Map type BPF_MAP_TYPE_SOCKMAP
The socket map is a specialized map type which hold network sockets as value.
Usage
This map type can be use too lookup a pointer to a socket with the bpf_map_lookup_elem
helper function, which then can be passed to helpers such as bpf_sk_assign
or the a map reference can be used directly in a range of helpers such as bpf_sk_redirect_map
, bpf_msg_redirect_map
and bpf_sk_select_reuseport
. All of the above cases redirect a packet or connection in some way, the details differ depending on the program type and the helper function, so please visit the specific pages for details.
Note
Sockets returned by bpf_map_lookup_elem
are ref-counted, so the caller must call bpf_sk_release
in all code paths where the returned socket is not NULL before exiting the program. This is enforced by the verifier which will throw a Unreleased reference
error if socket pointers are not released.

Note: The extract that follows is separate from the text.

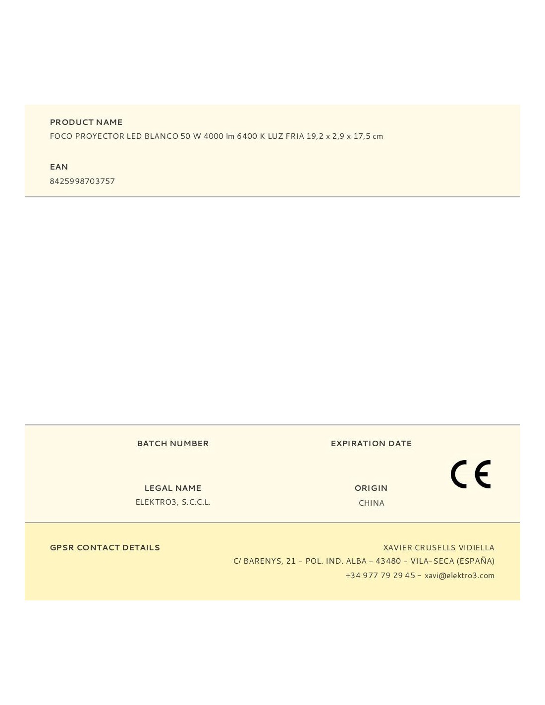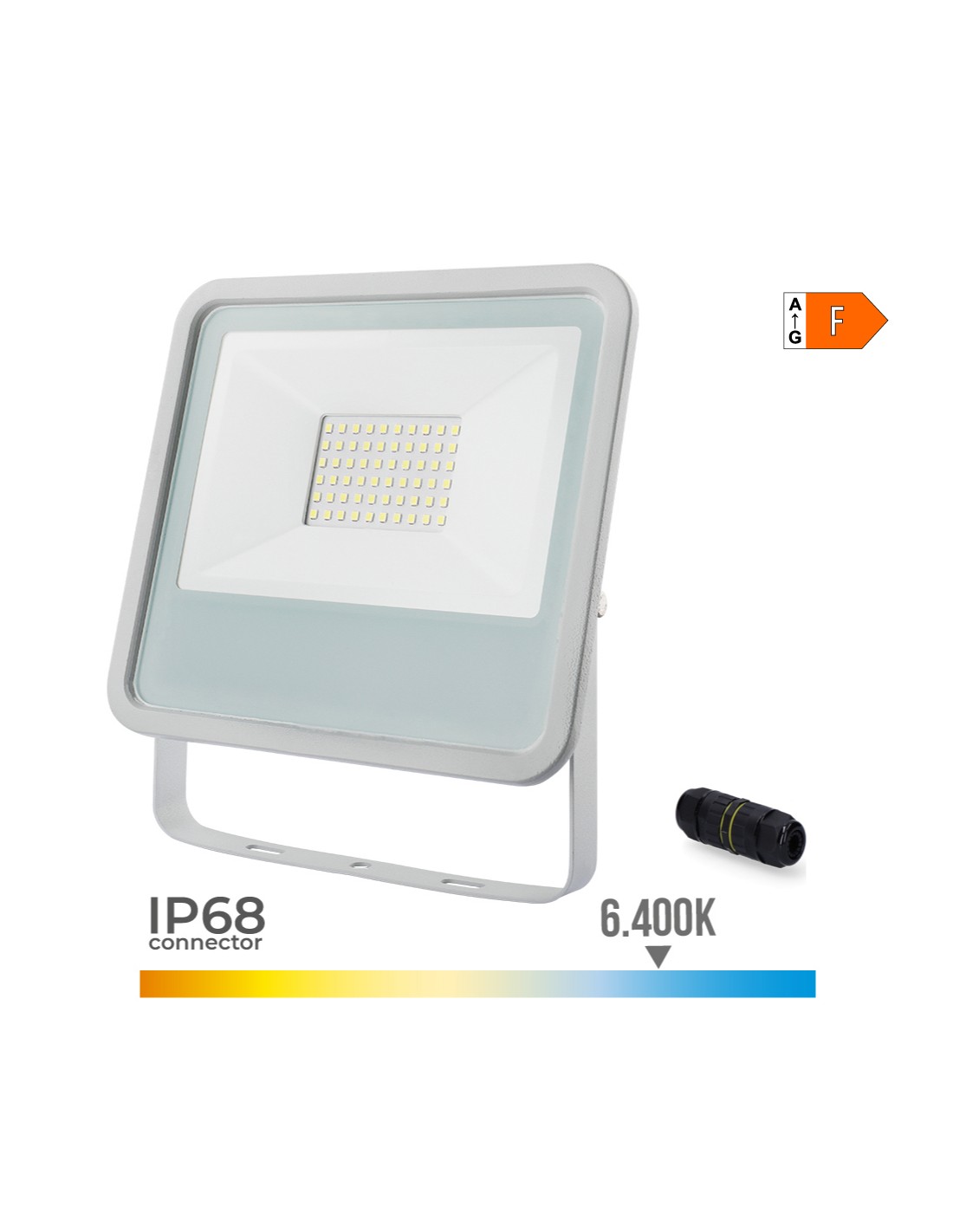 Foco proyector led blanco 50 w, 4000 lm, 6400 k, luz fría, ip65, medidas: 19,2 x 2,9 x 17,5 cm vida estimada: 25000 h, tensión: 220 - 240 v ~ 50 hz, clase energética: f, ángulo de apertura: 120°

This map can also be manipulated from kernel space, the main use-case for doing so seems to be to manage the contents of the map automatically from program types that trigger on socket events. This would allow 1 program to manage the contents of the map, and another to do the actual redirecting on packet events.
BPF_PROG_TYPE_SK_MSG
and BPF_PROG_TYPE_SK_SKB
programs can be attached to this map type. When a socket is inserted into the map, its socket callbacks will be replaced with these programs.
The attach types for the map programs are:
msg_parser
program -BPF_SK_MSG_VERDICT
.stream_parser
program -BPF_SK_SKB_STREAM_PARSER
.stream_verdict
program -BPF_SK_SKB_STREAM_VERDICT
.skb_verdict
program -BPF_SK_SKB_VERDICT
.
A sock object may be in multiple maps, but can only inherit a single parse or verdict program. If adding a sock object to a map would result in having multiple parser programs the update will return an EBUSY
error.
Warning
Users are not allowed to attach stream_verdict and skb_verdict programs to the same map.
Attributes
The value_size
must always be 4
and the key_size
must always be 8
.
Syscall commands
The following syscall commands work with this map type:
Helper functions
bpf_map_delete_elem
bpf_map_lookup_elem
bpf_map_update_elem
bpf_msg_redirect_map
bpf_sk_redirect_map
bpf_sk_select_reuseport
bpf_sock_map_update
Flags
BPF_F_NUMA_NODE
When set, the numa_node
attribute is respected during map creation.
BPF_F_RDONLY
Setting this flag will make it so the map can only be read via the syscall interface, but not written to.
For details please check the generic description.
BPF_F_WRONLY
Setting this flag will make it so the map can only be written to via the syscall interface, but not read from.
BPF_F_RDONLY_PROG
Setting this flag will make it so the map can only be read via helper functions, but not written to.
For details please check the generic description.
BPF_F_WRONLY_PROG
Setting this flag will make it so the map can only be written to via helper functions, but not read from.
For details please check the generic description.